Here is what I have so far:
Since $G$ is a topological group, it is Hausdorff, so for any two points $x, y \in G$ there exists disjoint open sets $U, V$ such that $x \in U$ and $v \in V$.
Since $H$ is a discrete normal subgroup of $G$, $gH = Hg$ for all $g \in G$ and for any $h \in H$, $\{h\}$ is an open neighborhood of $h$.
I want to show that for any $\overline g \in G/H$ there exists an open neighborhood $U$ in $G/H$ such that $p^{-1}(U) = \displaystyle \bigcup_i S_i$ a disjoint union of open sets in $G$ such that $p \vert_{S_i} : S_i \to U$ is a homeomorphism, i.e., bijective, continuous and its inverse is continuous.
I found this problem in Rotman's Homological Algebra, in a section on sheaves. (I don't have much topo background, but this looks like an interesting problem and I haven't been able to figure it out).
What seems like a natural approach here is to construct an open neighborhood of $\overline g$ in $G/H$ and show it satisfies these properties.
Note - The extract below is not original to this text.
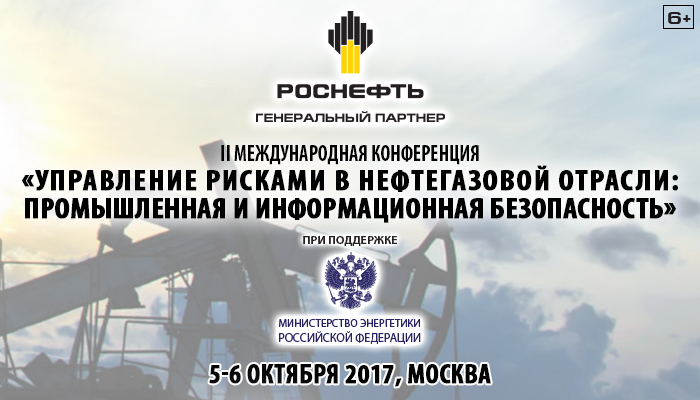5-6 октября 2017 г. в Москве в Конгресс-центре ТПП РФ при поддержке Министерства энергетики Российской Федерации, Комитета Государственной Думы ФС РФ по энергетике, Российского газового общества (РГО) и Национального союза страховщиков ответственности (НССО) состоится 2-я Международная Конференция «Управление рисками  в нефтегазовой  отрасли: промышленная и информационная безопасность». Генеральным партнером Конференции выступает ПАО «НК «Роснефть». Организатором является Фонд «Институт энергетики и финансов».

I am having trouble with this, any hints/sketch, etc? How would you go about approaching this problem?
It's all rather straightforward once you know that $p \colon G \to G/H$ is an open map. Apart from that, we will need one special (open) neighbourhood of $1 \in G$.
Since $H$ is discrete, there is a neighbourhood $W$ of $1$ with $W \cap H = \{1\}$. Now let $V$ be an open symmetric (meaning $V^{-1} = V$) neighbourhood of $1$ with $V\cdot V \subset W$.
Then for any $g \in G$ we have $p(V\cdot g)$ an open neighbourhood of $p(g)$, and
$$p^{-1}(p(V\cdot g)) = \bigcup_{h \in H} V\cdot gh$$
is the decomposition we want.
If $v_1 g h_1 = v_2 g h_2$ with $v_1, v_2 \in V$ and $h_1, h_2 \in H$, then
$$v_1^{-1}v_2 = g h_1 h_2^{-1} g^{-1} \in V^{-1}\cdot V \cap H = \{1\},$$
so $v_1 = v_2$ and $h_1 = h_2$, hence the different $V\cdot gh$ are disjoint. This also shows that $p\lvert_{V\cdot gh}$ is injective, since if $p(v_1gh) = p(v_2gh)$, then there is a $h' \in H$ with $v_1 gh = v_2 ghh'$.
For each $h \in H$, the restriction $p\lvert_{V\cdot gh} \colon V\cdot gh \to p(V\cdot g)$ is bijective, continuous and open, hence a homeomorphism.
To see that $p$ is open, note that $U \subset G/H$ is open if and only if $p^{-1}(U)$ is open in $G$ by the definition of the quotient topology, and for $W \subset G$ open, we have $p^{-1}(p(W)) = \bigcup\limits_{h\in H} W\cdot h$ a union of open sets, hence open.
It is worth noting, in case it isn't already known, that the quotient topology makes $G/H$ a topological group, and since $H$ is discrete, it is closed, therefore $G/H$ is a $T_1$ space, and for topological groups, that implies that it is a Hausdorff space (even if $G$ isn't Hausdorff, the quotient by a closed normal subgroup is always Hausdorff).